Souffle nouveau

Il y a deux Fanny Bloom. La première se prélasse dans un décor des années 80 dans le vidéoclip Parfait parfait en répétant « le parfum sur toi reste collé à mes vêtements ». Insupportable. La deuxième nous scie les jambes dès les quinze premières secondes de l’album en admettant d’entrée de jeu : « Ce que je voudrais n’existe pas ». Démentiel. On le sait, du moins on l’espère : la vraie, c’est elle.

Mis à part les chansons Parfait parfait et Tes bijoux, décevantes, le reste de l’album est renversant. Si les thèmes de la rupture et de la désillusion reviennent souvent, la jeune musicienne maîtrise suffisamment bien sa plume pour que l’on ne s’en lasse pas. Elle nous livre quatorze textes que l’on apprécie pour autant de raisons : la nature brute de Ce que je voudrais, la naïveté de Respirer la fumée, la douce ironie de Apprentie guerrière.

Sa voix, parfois cassante et légèrement venteuse, assure l’équilibre parfait entre les paroles et les mélodies. C’est d’ailleurs une des rares voix « de petite fille » dont on n’est pas saturé après le premier couplet. Quelques mots nous échappent, par contre, et il faut retourner dans le livret pour bien les comprendre.

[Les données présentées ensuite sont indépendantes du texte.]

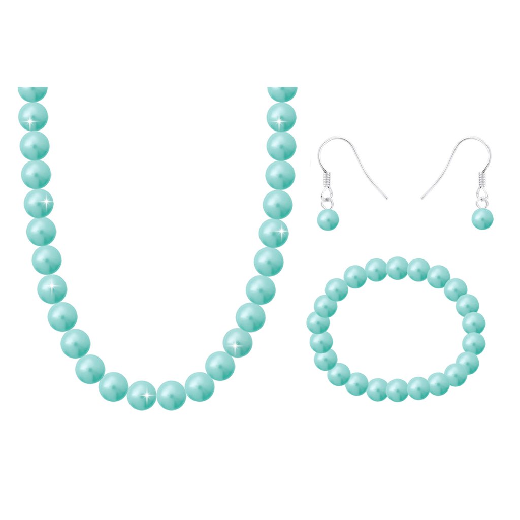 - Výrazný a veľmi elegantný set z bižutérneho kovu zdobený umelými tyrkysovými perličkami.
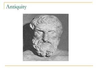 This document discusses antiquity and references Archestratus and Athenaeus. It focuses on various aspects of antiquity mentioned repeatedly throughout.
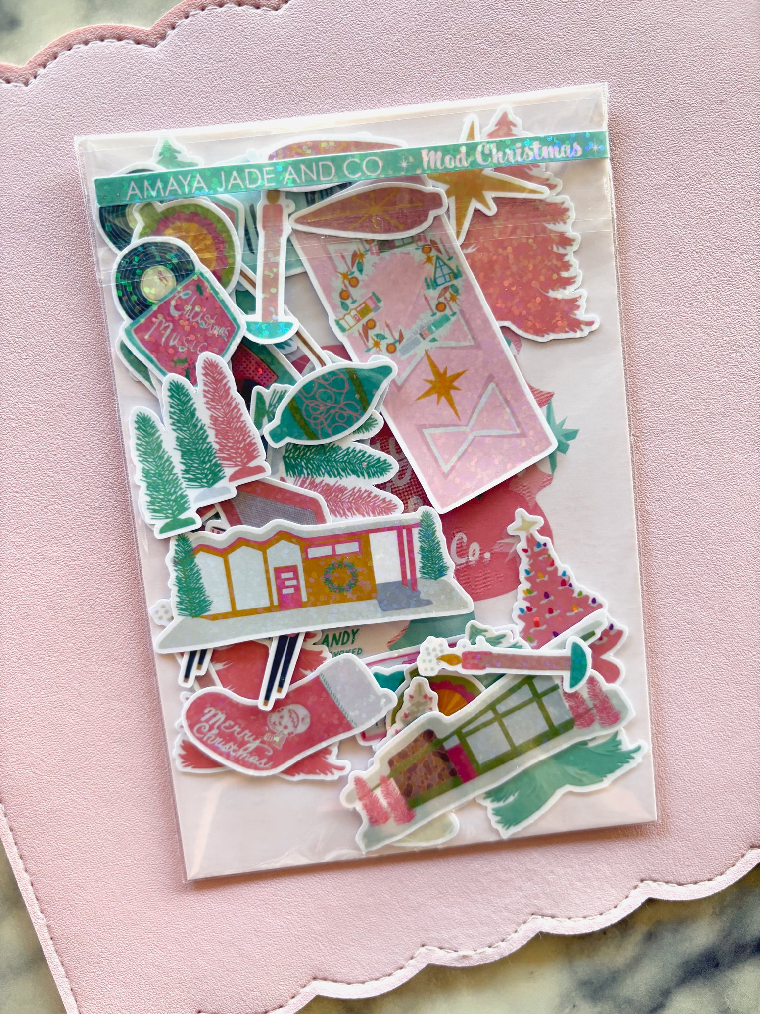 This collection is packed with delightful, throwback designs that capture the best of Atomic Age and Mod holiday style. Each sticker features a vibrant holographic finish that shifts and shimmers, making your holiday crafts, gifts, and decor truly stand out.
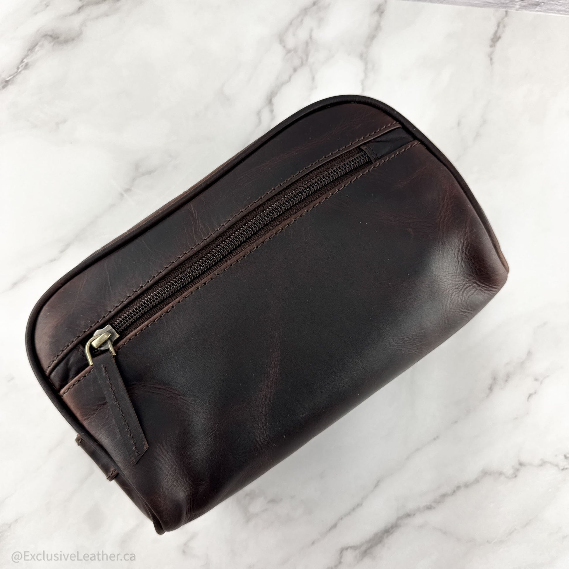 Introducing our Buff Leather Unisex Dopp Kit, a stylish and practical solution for all your toiletry needs. This exquisite leather toiletry bag comes in three distinct colors, allowing you to choose the one that best suits your personal style. Crafted from high-quality buff leather, each bag boasts a luxurious feel and durability that ensures it will withstand the rigors of travel. The spacious interior is designed to accommodate all your essentials, from grooming products to cosmetics, while the sleek design makes it easy to pack in your suitcase or carry on its own. Whether you're heading out for a weekend getaway or a long vacation, this leather toiletry bag is the perfect companion, combining functionality with a touch of elegance. Size : 8.5 x 5 x 3.5 inches Colors: Cherry Brown Our Dopp Kits feature a minimalist and classic design. A zippered top keeps all your toiletries secure and the open interior provides easy access to all your daily essentials.
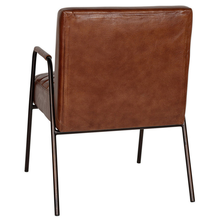 The Hadithi leather occasional chair elevates any room with its sleek profile and detailed craftsmanship. Featuring luxurious chocolate buffalo leather upholstery, it highlights a unique ribbed pattern and carefully wrapped leather arms. The chair’s simple, refined legs add to its minimalist design, combining visual elegance with a comfortable, supportive seat. Each piece is hand-upholstered using leather sourced as a by-product of buffalo farming by local herdsmen, supporting waste reduction and providing them with valuable additional income.
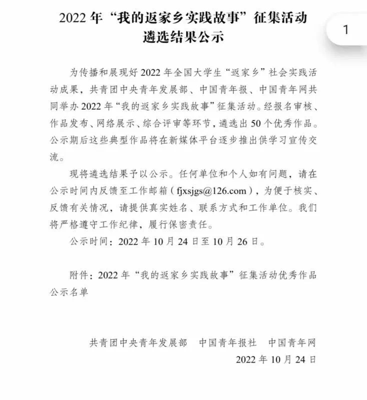 为传播和展现好2022年全国大学生“返家乡”社会实践活动成果,共青团中央青年发展部、中国青年报、中国青年网共同举办2022年“我的返家乡社会实践故事”征集活动。经报名审核、作品发布、网络展示、综合评审等环节,全国遴选出50个优秀作品。米兰材料科学与工程学院2020级材料成型及控制工程专业刘新月撰写的《“返家乡”社会实践,米兰材料学子在行动》成功入选。

Les arrangements, bien que complexes, ne font jamais ombrage à la chanteuse. Notre Fanny, puisqu’on a l’impression de la connaître au bout de quelques minutes seulement, reste en premier plan, et c’est tant mieux.

Bloom, c’est un souffle nouveau dont le Québec devrait se réjouir. Une de ces découvertes « coup de poing », que l’on se surprend à écouter en boucle aujourd’hui, même si on a d’abord suspecté un charmant dédoublement de personnalité.

Reste à voir laquelle des deux Fanny aura le dessus sur l’autre.